KSDD2 (commutator surfaces) is a different metal domain — the Severstal-trained YOLO has no class for it, so the router skips L2 by design. PatchCore flags the anomaly, the Oracle classifies it as surface_anomaly with a one-line rationale. This is the architectural payoff: pay the AOAI token cost only on frames where the cheap layers can’t decide.

Router trace
| Layer | Decision | Class | Score | Latency |
|---|---|---|---|---|
| L1 | defect | - | z=16.33 (τ=1.0) | 254 ms |
| L3 | scratch | scratch | conf=0.85 | 3161 ms |
Oracle reasoning: The image shows a long, thin, bright linear mark consistent with a scratch defect on the metal surface.
Reading guide
When inspecting the panels:
- PatchCore heatmaps on Track A defectives should spotlight the region YOLO subsequently boxes. If the bright region sits anywhere YOLO ignores, the per-domain
τis too tight. - Heatmaps on Track A normals should be mostly cold. Hot patches on clean steel are a sign the calibration was done against the wrong distribution.

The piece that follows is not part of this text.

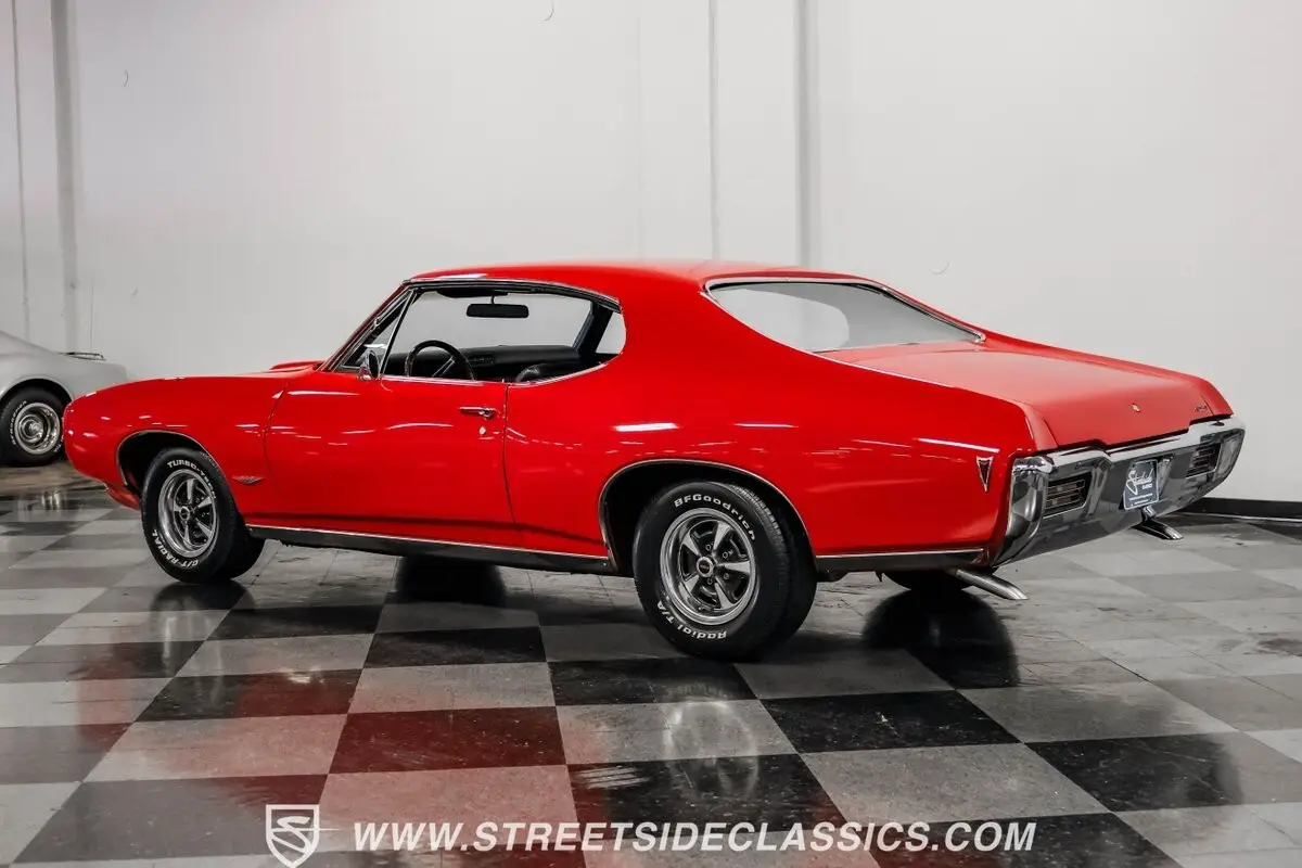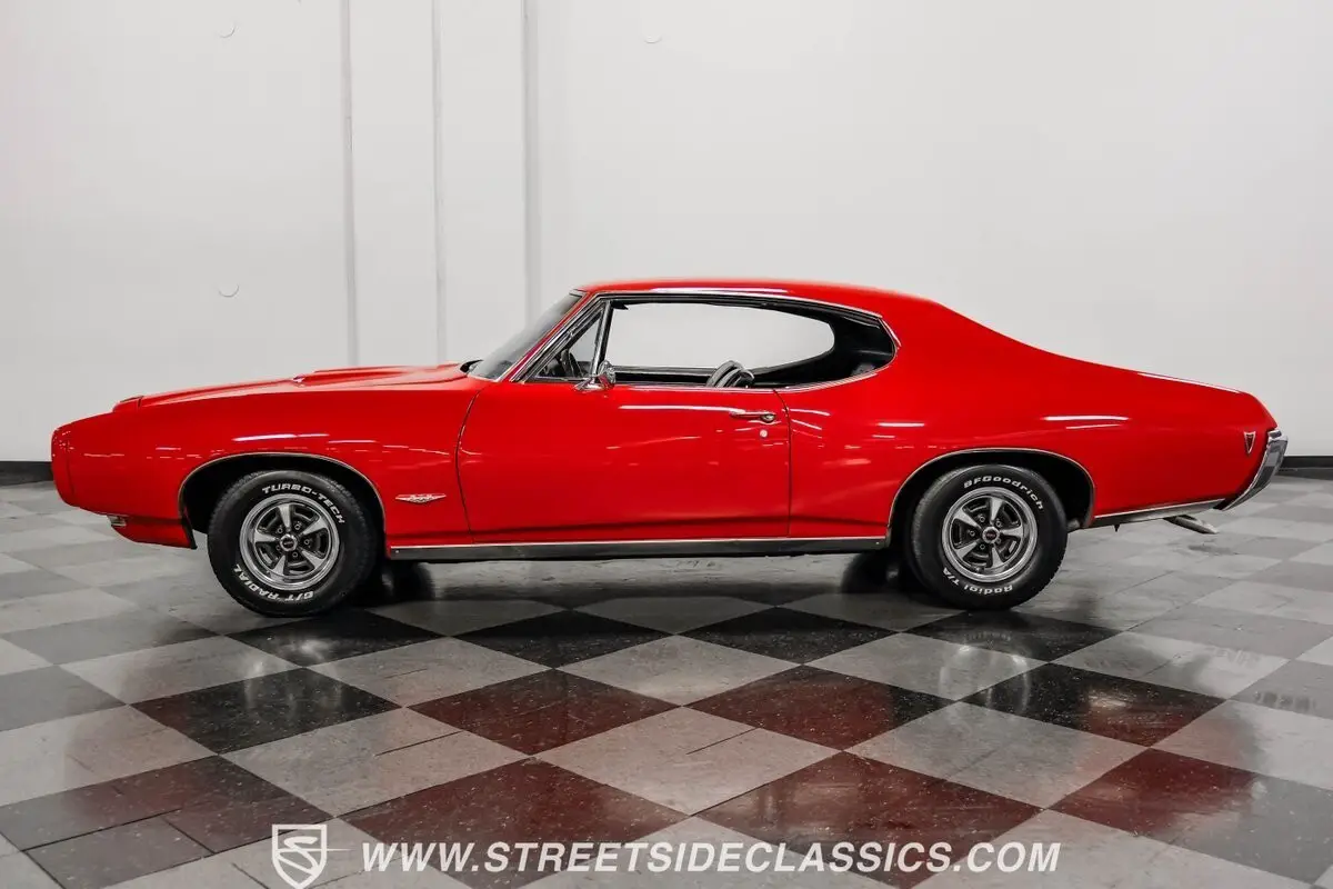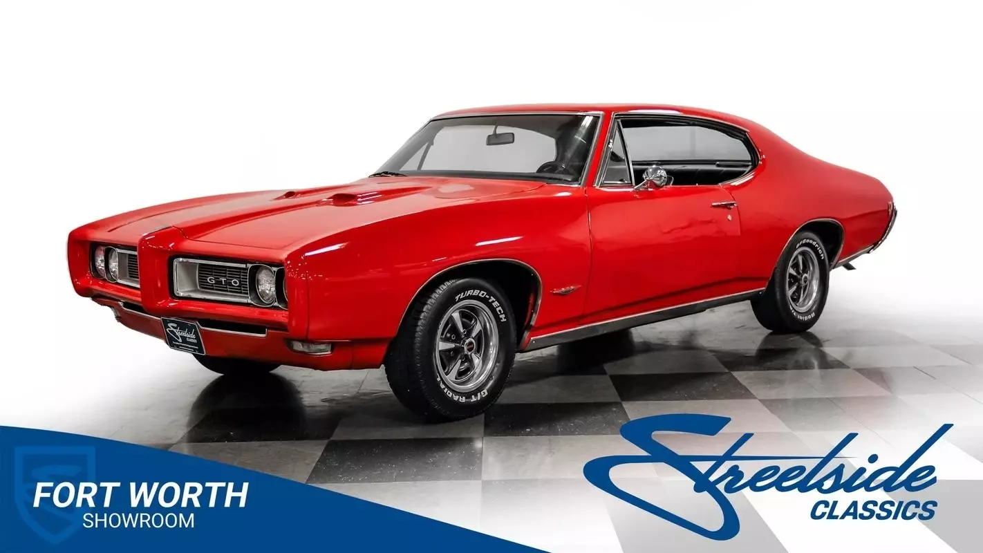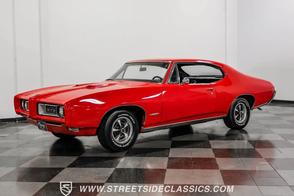 This 1968 Pontiac GTO, all muscle clad in an exciting Red color that seems to stretch into infinity, asserts its dominance with more than just its color. Its distinctive hood, crowned with dual scoops add to its muscle car allure. Mounted on stock 14-inch Pontiac Rally wheels that anchor it firmly to the asphalt, its road presence is undeniable. The car's classic stance is all muscle, with 225/70R14 BF Goodrich Radial T/A tires ensuring that every bit of power is translated directly to the road. This GTO makes an entrance with the unmistakable allure of American muscle.

- Oracle reasoning strings should reference the visible defect type rather than generic “surface irregularity” boilerplate. The few-shot prompt in
oracle.pywas rewritten in J.2 around the Severstal+KSDD2 taxonomy specifically to ground the model. - YOLO box colours — red is the top detection, amber are runners-up. Track B (KSDD2) frames are deliberately out-of-distribution for the Severstal-trained YOLO; expect noisy class labels that the Oracle then corrects.